Tucson Electric Power, Arizona Public Service, and CPS Energy have won approval from their regulators for pilot programs to own solar arrays installed on their customers’ roofs. Responses from customers and the utilities’ local installer-partners have initially been enthusiastic. National solar installers are watching the programs warily.
“That area is poised for growth because utilities see distributed solar as a special opportunity,” Inskeep said. “They are trying to move past the idea of solar as a threat and find a way to make it work with their business model.”
Tone and content at the utility commissions
Both Rabago and Lazar have followed the listed dockets closely and participated in proceedings. Both say they are less concerned with the tenor of the proceedings than with some utilities' and regulators’ mistaken perspective.
“The main concern I have is that many of the analyses are backward looking,” Lazar said. “Instead of asking who should pay for past distribution system investments, they should be asking how to avoid future costs.”
Forward looking questions are about adding DERs to the system and recognizing that they are more valuable in today’s energy mix because they are cleaner, can reduce peak demand, and can defer the need to build new peaking power plants and more transmission and distribution system infrastructure. They also avoid fuel cost risk, fuel supply risk, and emissions, he added.
Too many utilities look backwards and say all the fixed costs are sunk, Rabago similarly said. They fail to recognize that any losses for sunk costs are due to their own forecasting failures.
“The market has seen the change coming," related to distributed resources, "and they could have, too.”
Utilities and also often fail to recognize the 10% rate of return they have been earning for decades covered the risk of sunk costs and should have been used to prepare for the transition they are now faced with, he said. Instead it has too often been used to “keep their stock prices and ratings high in the face of that risk.”
“About 98% of utility revenues are dictated by weather, commodity fuel prices, and general economic conditions, and they are focusing on the 2% dictated by distributed energy resources,” Rabago said.
Looking ahead: What’s in and what's out in DER policy
A minimum bill is no longer considered viable as a "more palatable" fixed charge by DERs advocates, Inskeep said. “Only California and Hawaii have enacted them and it doesn’t seem to be catching on. I’m not sure why.”
Reforms of the Public Utility Regulatory Policy Act (PURPA) of 1978 have, however, suddenly become relevant because low DERs costs can now meet established avoided cost requirements.

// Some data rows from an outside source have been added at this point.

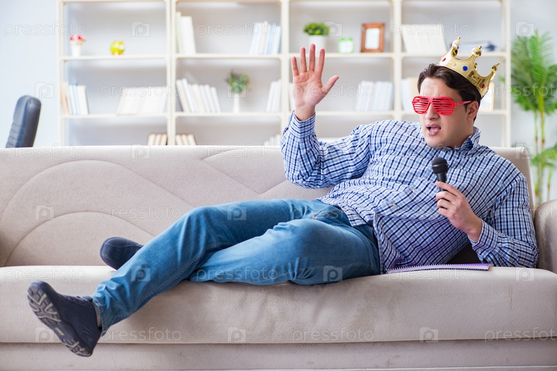 Забавный мужчина поет песни на караоке дома
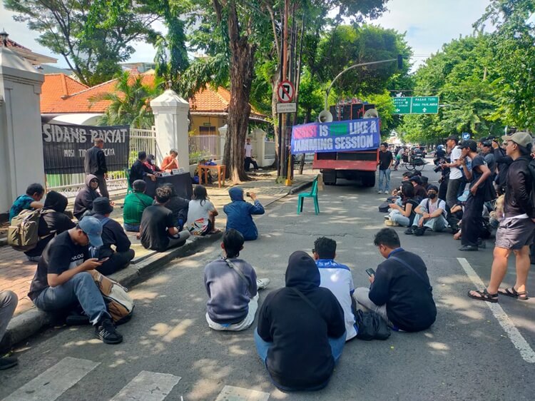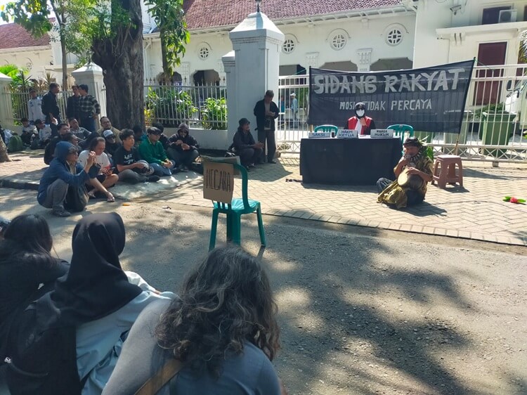 Puluhan Massa Gelar Sidang Rakyat di Depan PN Surabaya Sebagai Bentuk Ketidakpercayaan pada Proses Hukum
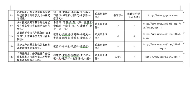 根據(jù)甘肅省人力資源和社會(huì)保障廳、甘肅省教育廳《關(guān)于開展2018年甘肅省職業(yè)教育教學(xué)成果獎(jiǎng)評選表彰工作的通知》精神,經(jīng)個(gè)人申報(bào),學(xué)院審核,決定擬推薦以下所提交紙質(zhì)材料、電子材料、申報(bào)網(wǎng)站等符合申報(bào)要求的12項(xiàng)教學(xué)成果參評2018年甘肅省職業(yè)教育教學(xué)成果獎(jiǎng),現(xiàn)予以公示。
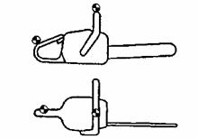 Датчики крепят в местах, показанных на рисунках, где оператор удерживает машину. Обычное положение - посередине рукоятки. Если это невозможно из-за положения пускового устройства, - то максимально близко к указанному месту. Для прямых машин с устройством управления датчики располагают так, чтобы измерять ускорение на поверхности машины параллельно оси вала двигателя. Датчик располагают максимально близко к поверхности машины |
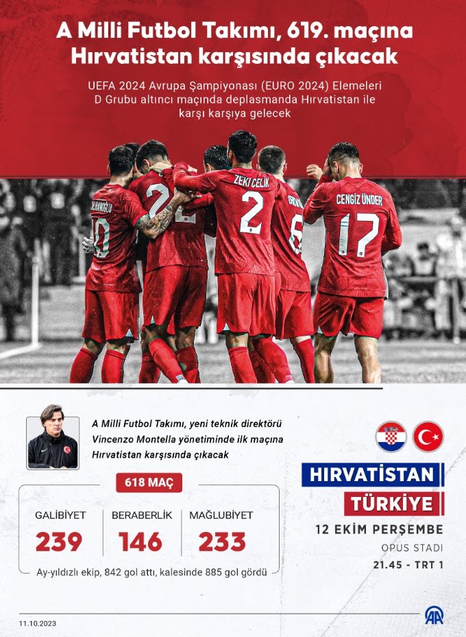A Milli Futbol Takımı'mız, Hırvatistan karşısında kritik bir müsbakaya çıkacak. Stefan Kuntz ile yolları ayıran Türkiye, İtalyan Teknik Direktör, Vincenzo Montella'yı takımın başına getirdi. Montella, Türkiye A Milli Futbol Takımı teknik direktörü olarak ilk maçına Hırvatistan karşısında çıkacak. Montella'nın ikinci sınavı ise 15 Ekim'de Letonya karşısında olacak.
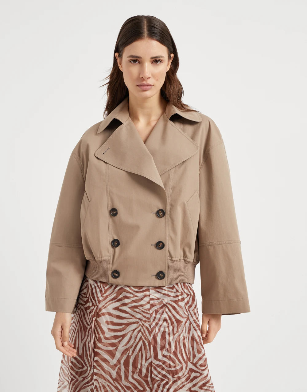 Timeless elegance and contemporary lines define the style of this new cotton panama Crop caban jacket. Characterized by a double-breasted closure and a straight silhouette, the garment features stylish yet functional details that enrich the design’s versatile feel. The shiny monili embroidery completes the caban jacket with a radiant sparkle in true Brunello Cucinelli style.
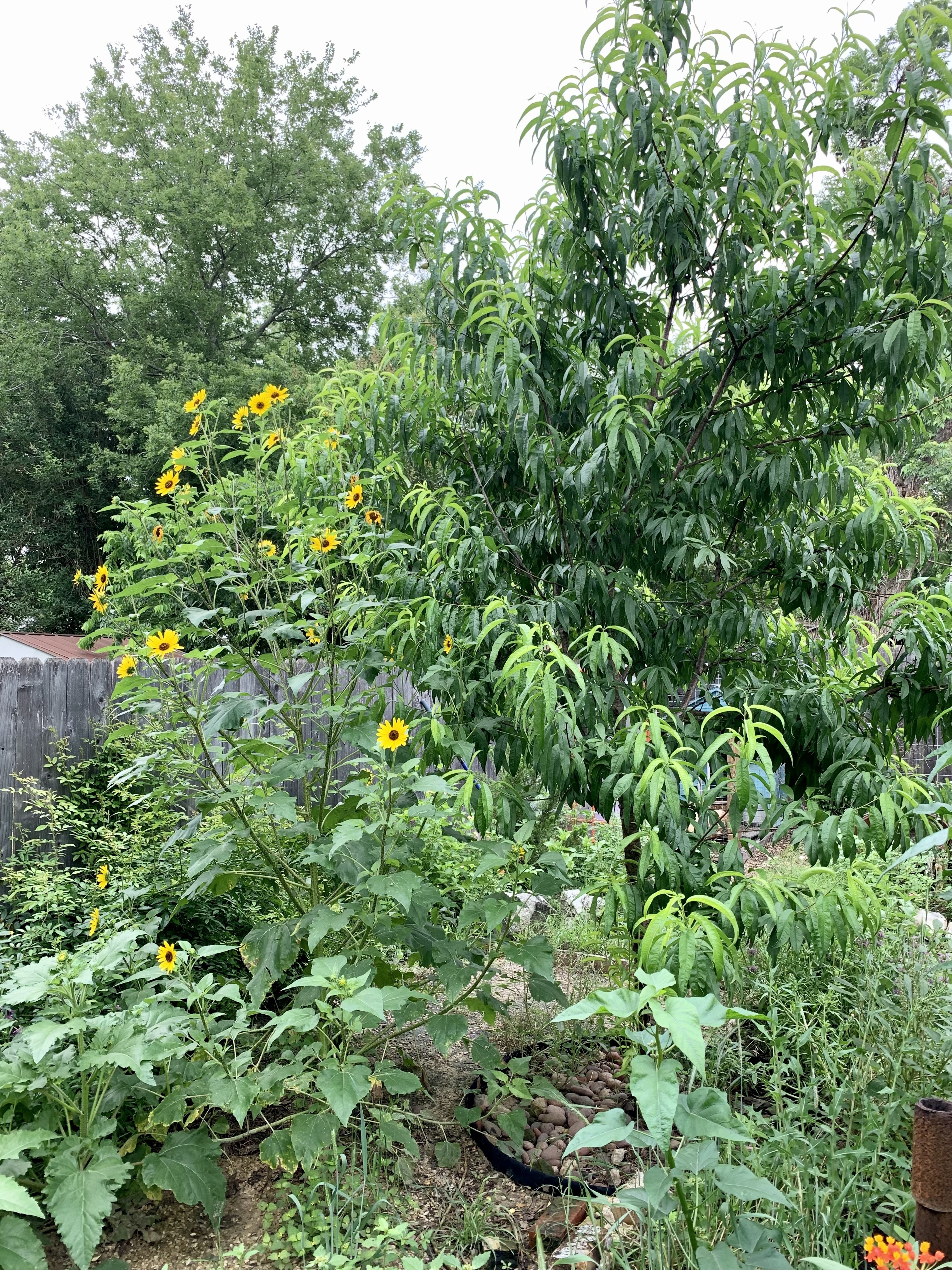 Why yes that is a sunflower that’s almost as big as the peach tree. The eye rests on no open spaces currently… every inch is filled with something, most likely sunflowers, amaranth, self seeded wheat, and tropical milkweed seedlings. Oh and self seeded zinnias. I’m kinda bitching but not really bitching.
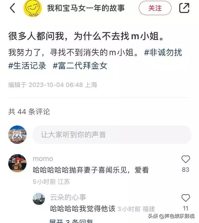 然而,她好不容易塑造的这份平静,被一篇《我和宝马女一年的故事》的文章再次打破。
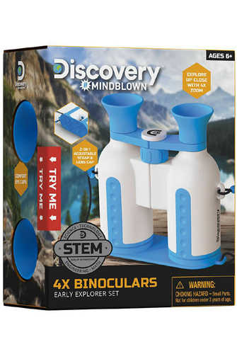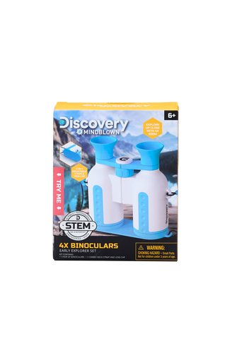 The Discovery #MINDBLOWN Binoculars Early Explorers Set is the perfect companion for young adventurers eager to explore the natural world. Designed for children, these binoculars feature a powerful 4x magnification, bringing distant wonders like birds and landscapes into clear view, ideal for bird watching, hiking, or any outdoor adventure. The dual-purpose neck strap doubles as a lens cap, ensuring practicality and ease of use. Comfortable eye cups and adjustable width allow children of various sizes to use the binoculars comfortably and effectively. Beyond just fun, these binoculars provide educational value by promoting a deeper understanding of nature and science, making them a fantastic resource for parents and educators to foster a love of the outdoors and enhance observational skills in children.
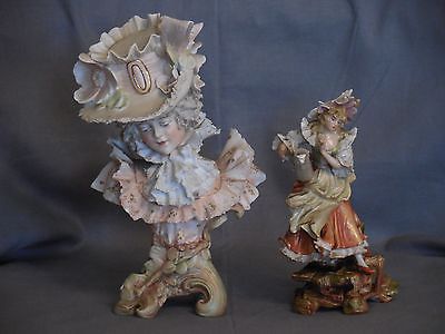 2 German Galluba Hofmann Porcelain Bisque Bust Lady & Lady Figurine Figures
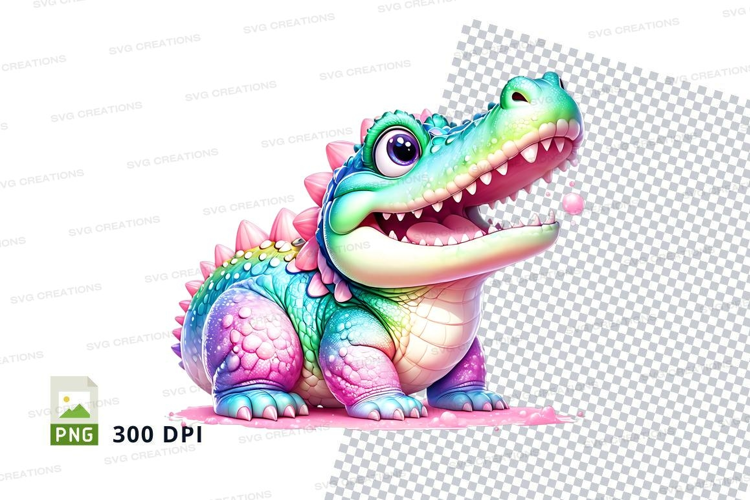 Cartoon Funny Animal Pink Friendly Colorful Teeth Sitting Rainbow Crocodile
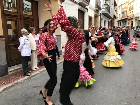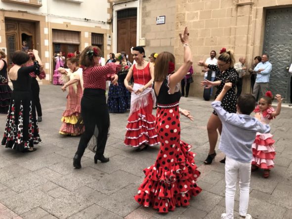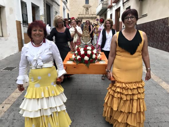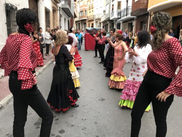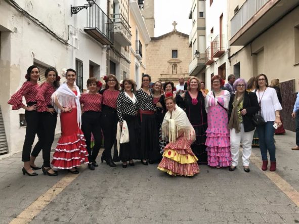 Más de un centenar de vecinos se unieron el pasado sábado, 2 de junio, a la fiesta que la Casa Rociera de El Poble Nou de Benitatxell celebra en honor a la Virgen del Rocío. La fiesta comenzó a las 18:30 con una concentración en el casal seguida de una misa en honor a nuestra señora del Rocío. Tras la eucaristía, las “rocieras” animaron a los asistentes con sus bailes en la plaza de la Iglesia para continuar en la calle Mayor. La amenaza de lluvia no consiguió empañar la jornada andaluza y al final los vecinos salieron a la calle con el “sopar de cabasset” y más música y diversión amenizados por la actuación de “Suspiros de Arte”. El ambiente animó a los asistentes a atreverse con cantos andaluces y a bailar alguna que otra sevillana.
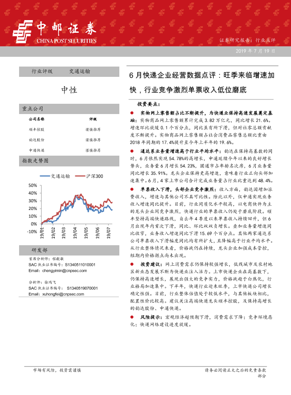 【中邮证券】【20190719】6月快递企业经营数据点评:旺季来临增速加快,行业竞争激烈单票收入低位磨底-11页
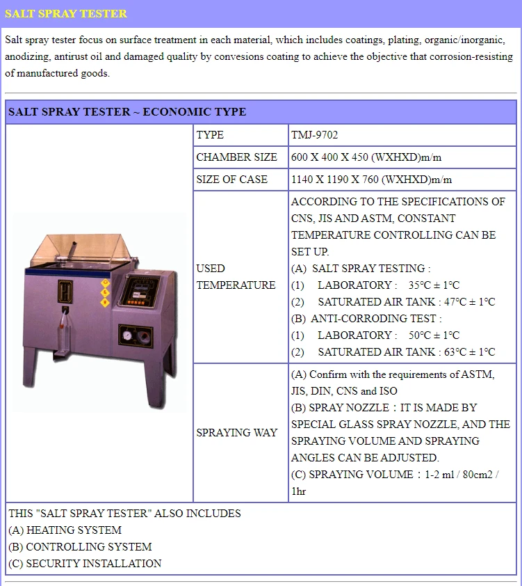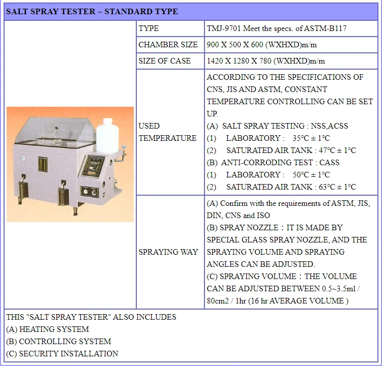 Salt spray tester focus on surface treatment in each material, which includes coatings, plating, organic/inorganic, anodizing, antirust oil and damaged quality by convesions coating to achieve the objective that corrosion-resisting of manufactured goods.

“The law says the utility has to take a small generator’s output if it matches the avoided cost,” Inskeep said. “But state regulators set that avoided cost, the standard contract length, and the acceptable system size.”
Idaho’s change of its standard contract from 20 years to 2 years will drastically reduce developers’ guaranteed revenue streams, he said. But North Carolina DERs advocates defeated a Duke Energy effort to impose a shortened contract length and a reduced system size, changes that might have stopped solar growth in the state.
“When the federal investment tax credit changes in 2017, PURPA may be vital for getting DERs on the grid,” Inskeep said.
In the coming quarter, NC CETC expects further work on the landmark successor NEM tariff in Hawaii and final decisions on successor tariffs in California and Nevada.
“California is about 50% of the residential solar market and if the utilities’ proposed fixed charges and NEM credit rate reductions are approved, it would have a tremendous impact,” Inskeep said.
Massachusetts and Vermont are likely to see decisions on NEM caps and credit rates that will be pivotal for DERs in New England. Mississippi’s regulators must make a decision on NEM by the end of the year.
With the dockets open now, the legislative actions in the works, and the reversion of the 30% federal tax credit to 10% for commercial solar and zero for residential solar at the end of 2016, “the year is shaping up to be a turning point,” Inskeep said.